- Yes, the company has made some very good decisions over the past few years. No argument there. WRC cleaned its books after accounting irregularities (which were set in place in part by the ops folks under the former regime), as well as sold and closed down unprofitable divisions. There's no denying that this is a better company today than 2 years ago.
- Now we're looking at a streamlined WRC, whose main profit engine is Calvin Klein Underwear. A great global business - and probably the best undergarment brand aside from Victoria's Secret. But with margins topping 20%, cotton costs up 30% vs. last year, and what I would argue is too much FX benefit flowing through to the EBIT margin line instead of being reinvested in the business (CKU as well as CK Jeans), this thing just smells off to me.

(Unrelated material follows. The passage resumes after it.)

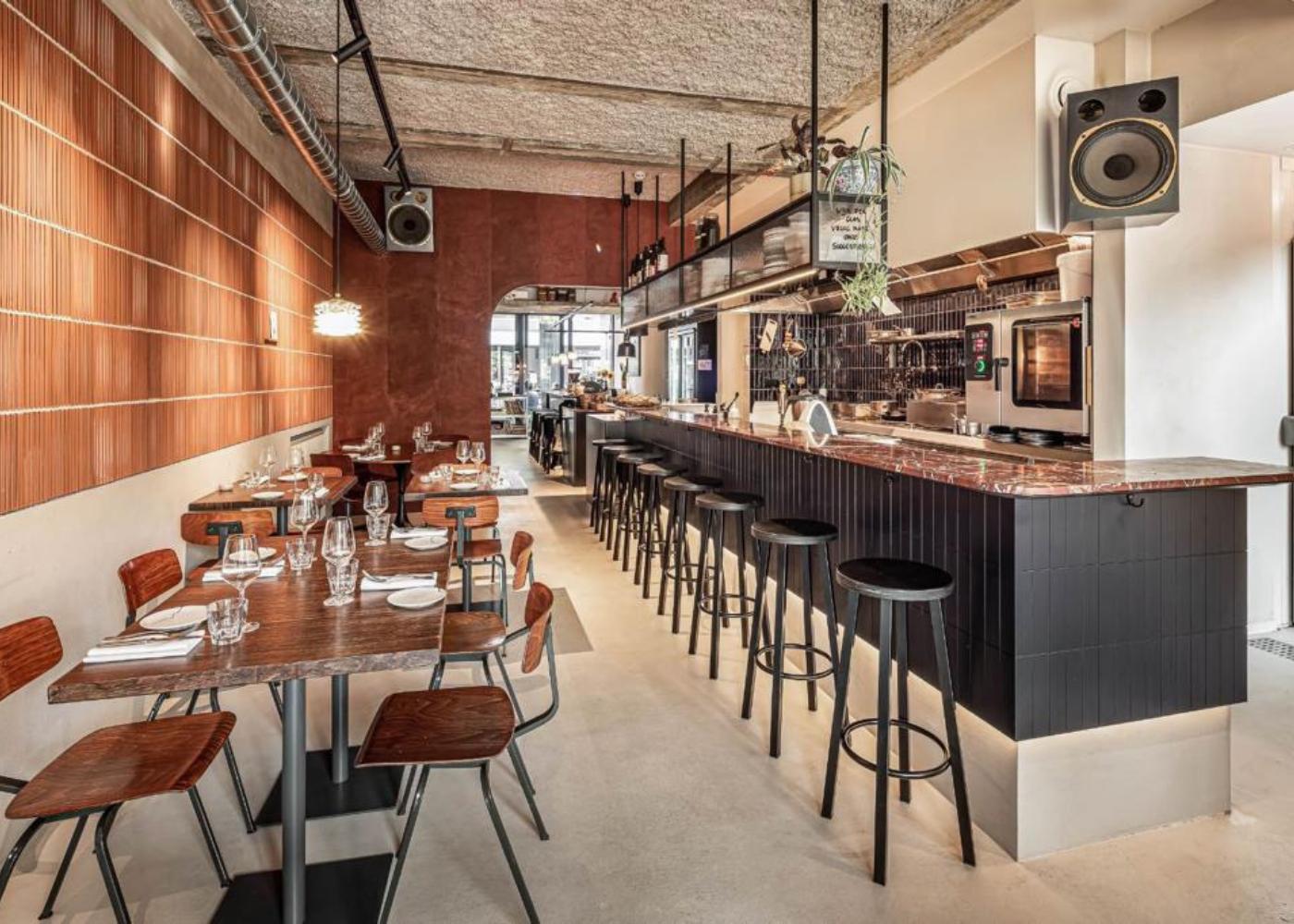 - Superficie continua — sin juntas, grietas ni líneas de lechada.

- In addition, a key factor I like to track is the ratio of sales growth vs. inventory growth, and WRC's ratio has been defying gravity - leading the industry for 3 quarters. In fact, WRC's inventories have trended from 130 days to 110, partially due to divestitures. Though now inventories have ticked up, suggesting that perhaps they've found a near term bottom. When I layer that on top of WRC hitting very tough margin compares 2 quarters out, and a much cleaner P&L (making it difficult to sandbag with guidance) then I truly wonder how this multiple stays at a 20% premium to higher quality companies.
Nike and Brand Jordan. What's there to say here? Business is solid. The brands have collectively gained 5 points of share thus far year-to-date (and not slowing). They won't give it up anytime soon. I wish I could say this about Nike's apparel business, which still can't find its groove. But with 46% share of a $9bn wholesale footwear market, Nike needs about 1.5 points of share gain to maintain the 3-4% top line growth rate necessary to fuel its broader financial model. 5 points gets Nike's USA team a strong finish to a solid year.

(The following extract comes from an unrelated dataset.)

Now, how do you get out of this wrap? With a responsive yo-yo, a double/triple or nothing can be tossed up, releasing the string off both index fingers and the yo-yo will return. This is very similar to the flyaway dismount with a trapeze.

AdiBok: Adidas and Reebok can't get out of their own way. Brand adidas is not doing badly - market share consistently down by half a point (but getting less bad on the margin), and order levels are healthy. Adi might fare well in an athletic rebound as the brand never lost relevance (especially in apparel). But Reebok's chart almost suggests that share is going to zero. Almost every retail contact I have in my arsenal agrees that there is absolutely no reason to buy Reebok. The consumer simply does not want it. Reebok's share is down to 3-4%, but keep in mind that its share in lower-end department stores is closer to 8%. Yes, this is very very bad. With cost pressures heating up, and Under Armour coming in (Reebok owns the NFL license, and UA is all over football) my bet is that RBK loses another point at a minimum over a year. That might not sound like much, but it cuts the size of the US business by another 25%, or $90mm wholesale. While not a death sentence for AdiBok, UA has got to have its eye on this one.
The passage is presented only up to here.